I'm trying to create an algo which goes through a list of strings, joins strings together if they meet a certain criteria, then skips by the number of strings it joined to avoid double counting of sections of the same joined string.
I understand i = i + x or i += x doesnt change the amount each loop iterates by, so am looking for an alternative method to skip a number of iterations by a variable.
Background: Im trying to create a Named Entity recognition algo for use in news articles. I tokenise the text ('Prime Minister Jacinda Ardern is from New Zealand') into ('Prime','Minister','Jacinda','Ardern','is'...) and run the NLTK POS tagging algo over it giving : ...(('Jacinda','NNP'),('Ardern','NNP'),('is','VBZ')... then combine words when subsequent words are also 'NNP' /proper nouns.
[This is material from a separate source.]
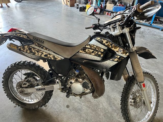 Detalles del productoMoto Yamaha DT 125 con un diseño de camuflaje único. Ideal para caminos y senderos.

The goal is to count 'Prime Minister Jacinda Ardern' as 1 string as opposed to 4, then to skip the loop iteration by as many words to avoid the next string being 'Minister Jacinda Ardern' and then 'Jacinda Ardern'.
Context:
'text' is a list of lists created by tokenising and then POS tagging my article and is in the format: [...('She', 'PRP'), ('said', 'VBD'), ('the', 'DT'), ('roughly', 'RB'), ('25-minute', 'JJ'), ('meeting', 'NN')...]
'NNP' = proper noun or the names of places/people/organisations etc.
for (i) in range(len(text)):
print(i)
#initialising wordcounter as a variable
wordcounter = 0
# if text[i] is a Proper Noun, make namedEnt = the word.
# then increase wordcounter by 1
if text[i][1] == 'NNP':
namedEnt = text[i][0]
wordcounter +=1
# while the next word in text is also a Proper Noun,
# increase wordcounter by 1. Initialise J as = 1
while text[i + wordcounter][1] == 'NNP':
wordcounter +=1
j = 1
# While J is less than wordcounter, join text[i+j] to
# namedEnt. Increase J by 1. When that is no longer
# the case append namedEnt to a namedEntity list
while j < wordcounter:
namedEnt = ' '.join([namedEnt,text[i+j][0]])
j += 1
InitialNamedEntity.append(namedEnt)
i += wordcounter
If I print(i) at the start it goes up by 1 at a time. When I print the Counter of the NamedEntity list made up of namedEnts, i results as follows:
(...'New Zealand': 7, 'Zealand': 7, 'United': 4, 'Prime Minister Minister Jacinda Minister Jacinda Ardern': 3...)
So im not only getting double counts as in 'New Zealand' and 'Zealand', but im also getting wacky results like 'Prime Minister Minister Jacinda Minister Jacinda Ardern'.
The results I would like would be ('New Zealand':7, 'United States':4,'Prime Minister Jacinda Ardern':3)
Any help would be greatly appreciated. Cheers